Die Debatte um die Rolle der Stasi verstelle den Blick auf die Lebenswirklichkeit eines Großteils der Bevölkerung und verhindere dann „ein wirkliches Gespräch“ über die Zeit unter der SED-Herrschaft. Es habe nur wenige geben, die „nur schuldig oder nur unschuldig waren“, sagte Platzeck. „98 Prozent lagen irgendwo dazwischen“ meinte er und verwies darauf, dass dies bei jeder Diktatur zu beobachten sei. Er wünsche sich eine Diskussion, bei der die Menschen nicht den Eindruck gewinnen müssten, ihr früheres Leben werde nicht respektiert. Die schlechten Werte, die bei Umfragen über die Wertschätzung für die Demokratie erzielt würden, hingen auch mit „dem Umgang mit ostdeutschen Lebensläufen“ zusammen. Und er wünsche sich Rückblicke, die nicht ausschließlich auf Themen wie die Stasi fixiert seien. „Was wir brauchen, sind endlich mal Filme über das wirkliche Leben, in denen sich die Leute wirklich widergespiegelt fühlen“, sagte er dazu. Die Westdeutschen, die sich „in aller Regel“ nicht für den Osten interessierten, könnten dann dazu gebracht werden, auch mal zu fragen, „wie es denn wirklich war“.

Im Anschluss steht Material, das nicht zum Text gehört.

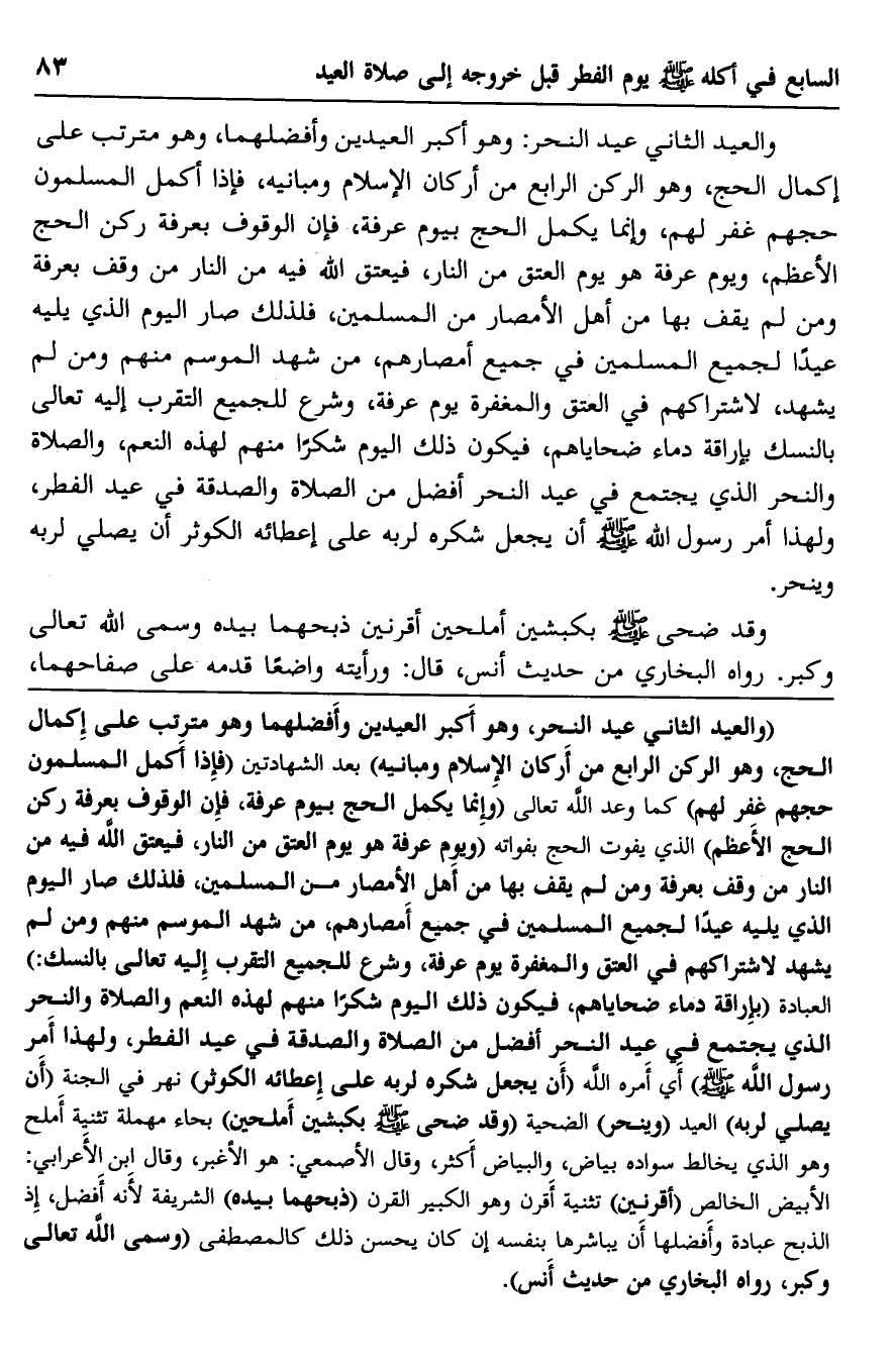 "والعيد الثاني عيد النحر، وهو أكبر العيدين وأفضلهما وهو مترتب على إكمال الحج، وهو الركن الرابع من أركان الإسلام ومبانيه" بعد الشهادتين "فإذا أكمل المسلمون حجهم غفر لهم" كما وعد الله تعالى "وإنما يكمل الحج بيوم عرفة، فإن الوقوف بعرفة ركن الحج الأعظم" الذي يفوت الحج بفواته "ويوم عرفة هو يوم العتق من النار، فيعتق الله فيه من النار من وقف بعرفة ومن لم يقف بها من أهل المسلمين، فلذلك صار اليوم الذي يليه عيدا لجميع المسلمين في جميع أمصارهم، من شهد الموسم منهم ومن لم يشهد لاشتراكهم في العتق والمغفرة يوم عرفة، وشرع للجميع التقرب إليه تعالى بالنسك:" العبادة "بإراقة دماء ضحاياهم، فيكون ذلك اليوم شكرا منهم لهذه النعم والصلاة والنحر الذي يجتمع في عيد النحر أفضل من الصلاة والصدقة في عيد الفطر، ولهذا أمر رسول الله -صلى الله عليه وسلم" أي أمره الله "أن يجعل شكره لربه على إعطائه الكوثر" نهر في الجنة "أن يصلي لربه" العيد "وينحر" الضحية "وقد ضحى -صلى الله عليه وسلم- بكبشين أملحين" بحاء مهملة تثنية أملح وهو الذي يخالط سواده بياض، والبياض أكثر، وقال الأصمعي: هو الأغبر، وقال ابن الأعرابي: الأبيض الخالص "أقرنين" تثنية أقرن وهو الكبير القرن "ذبحهما بيده الشريفة؛ لأنه أفضل، إذ الذبح عبادة وأفضلها أن يباشرها بنفسه إن كان يحسن ذلك كالمصطفى "وسمى الله تعالى وكبر، رواه البخاري من حديث أنس".
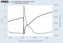 - Finally, the 4-week moving average of initial unemployment claims rose to 224K from 217K last month, hitting the highest level of the year so far early in 2025.
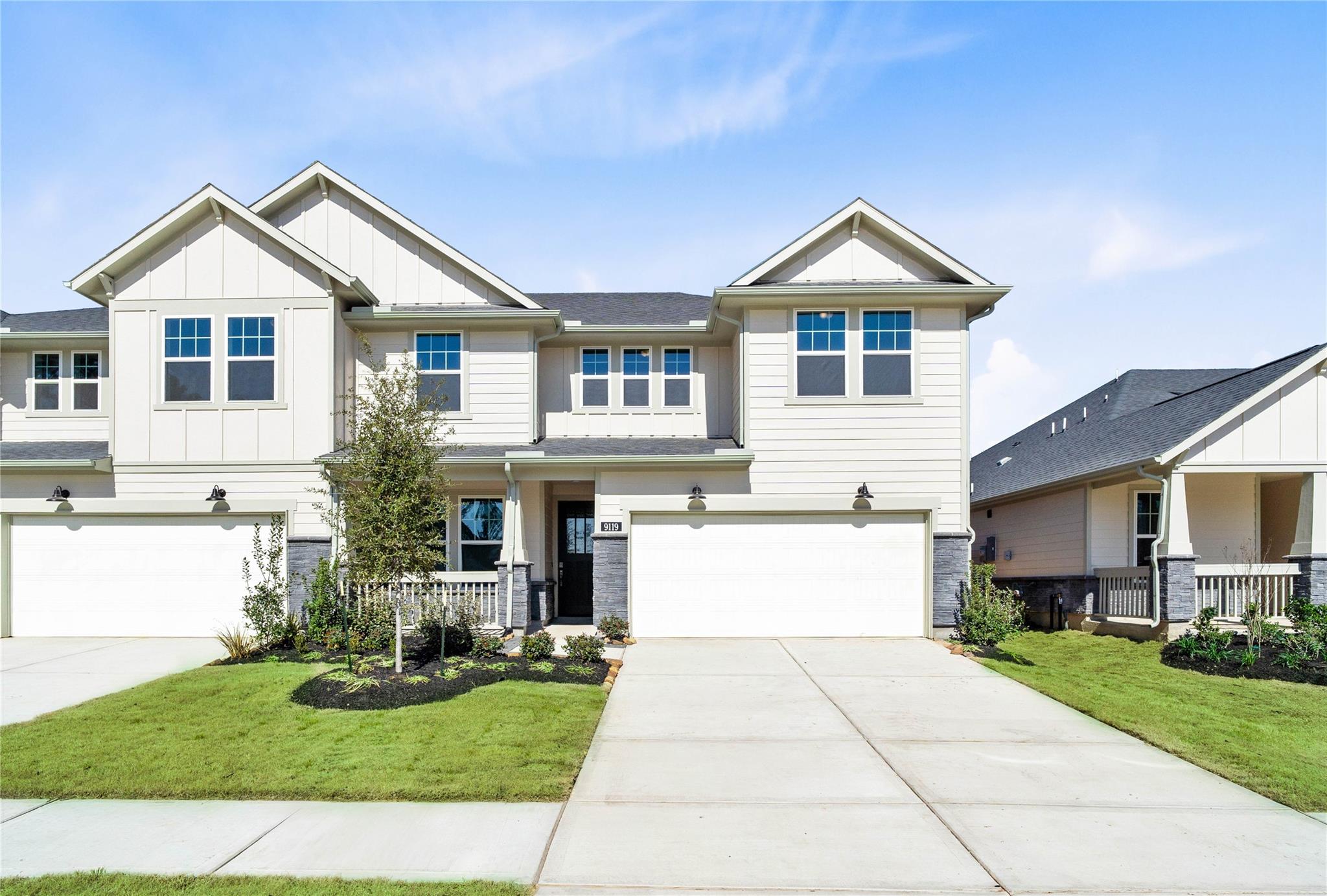 BEAZER HOMES NEW CONSTRUCTION – Welcome to 9119 Petroglyph Point Court, situated in the master-planned community of The Highlands and zoned to New Caney ISD. This 2-story duet home features 4 bedrooms, 2 full baths, 1 half bath, and a 2-car garage. The kitchen features a large island w/added breakfast bar, stylish cabinetry with under cabinet lighting, and walk-in pantry. The Great Room boasts of high ceilings and tall windows. The primary bath features a walk-in shower, soaking bath, and framed mirrors over dual vanity sinks. The primary walk-in-closet has easy access to laundry room. Upstairs, the secondary bedrooms and loft complete the home. Standard features include: extended covered patio with gas stub out, 6" baseboards, Dupure water filtration, full gutters w/downspouts, network ready, full sod w/irrigation, EV charger in garage, and 1 year HVAC maintenance program. Don’t miss this incredible opportunity to make this home yours—schedule your private tour today!
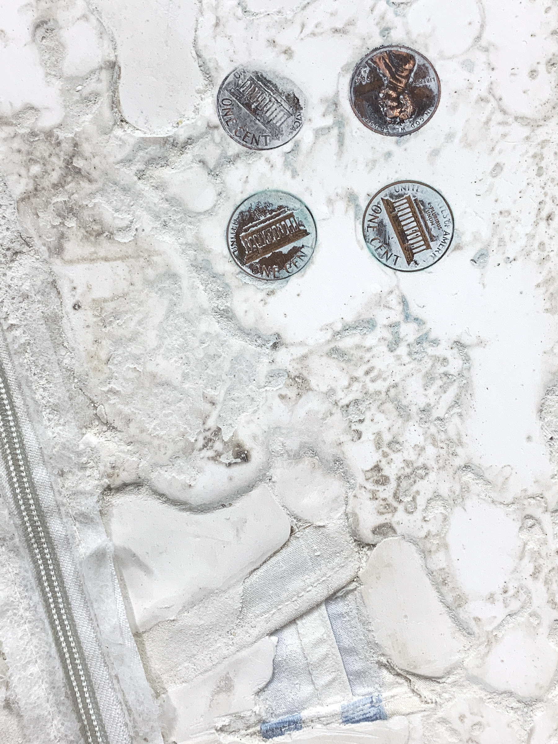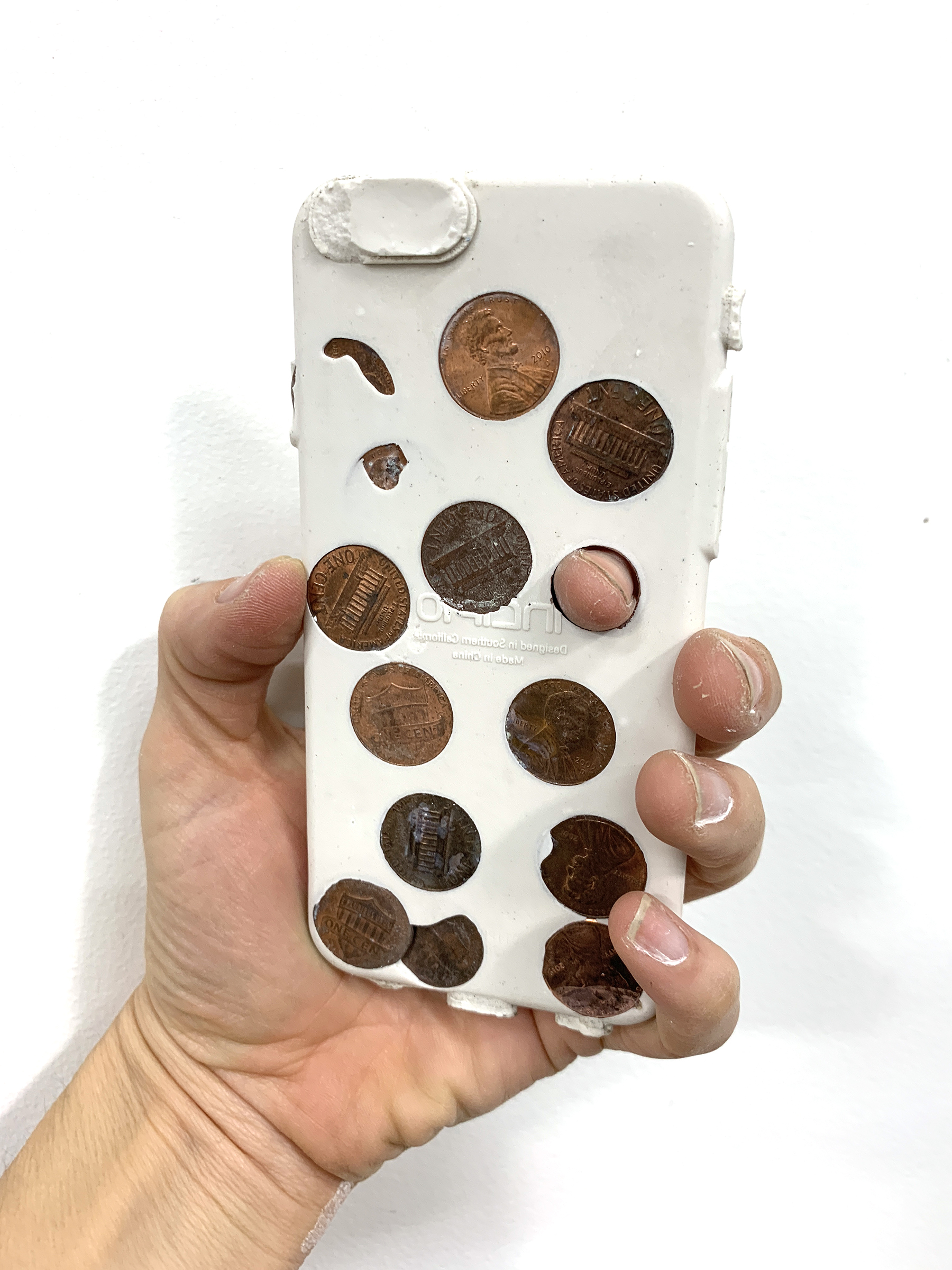 cellular memory, (pocket change prototype), 2020 Hydrocal, pennies

Nicht eindeutig festlegen will Platzeck sich bei der Frage, inwieweit die Berichte über die Stasi-Vergangenheit einiger Abgeordneter der Linkspartei dem Land schaden könnten. Die zwei, die ihre Mitarbeit bei der Geheimpolizei verschwiegen haben, hätten dem Land allerdings „einen Bärendienst“ erwiesen. Platzeck betonte noch einmal, für wie wichtig er die Berufung der früheren Bürgerrechtlerin Ulrike Poppe zur Diktatur-Beauftragten – wie er es nannte – hält. Er sagte zum Thema Staatssicherheit noch, dass man „aufpassen muss, dass das nicht irgendwann so wird wie bei dem Wort Frieden in der DDR, wo dann keiner mehr hinhörte“.
Der christdemokratischen Opposition warf er vor, in den letzten Jahren still gehalten zu haben beim Thema Aufarbeitung. „Ich habe da nicht wahrnehmen können beispielsweise bei den Koalitionsverhandlungen 2004, dass die sich dafür interessiert hätten“ sagte Platzeck mit Blick auf die jüngsten Aktivitäten der CDU-Führung.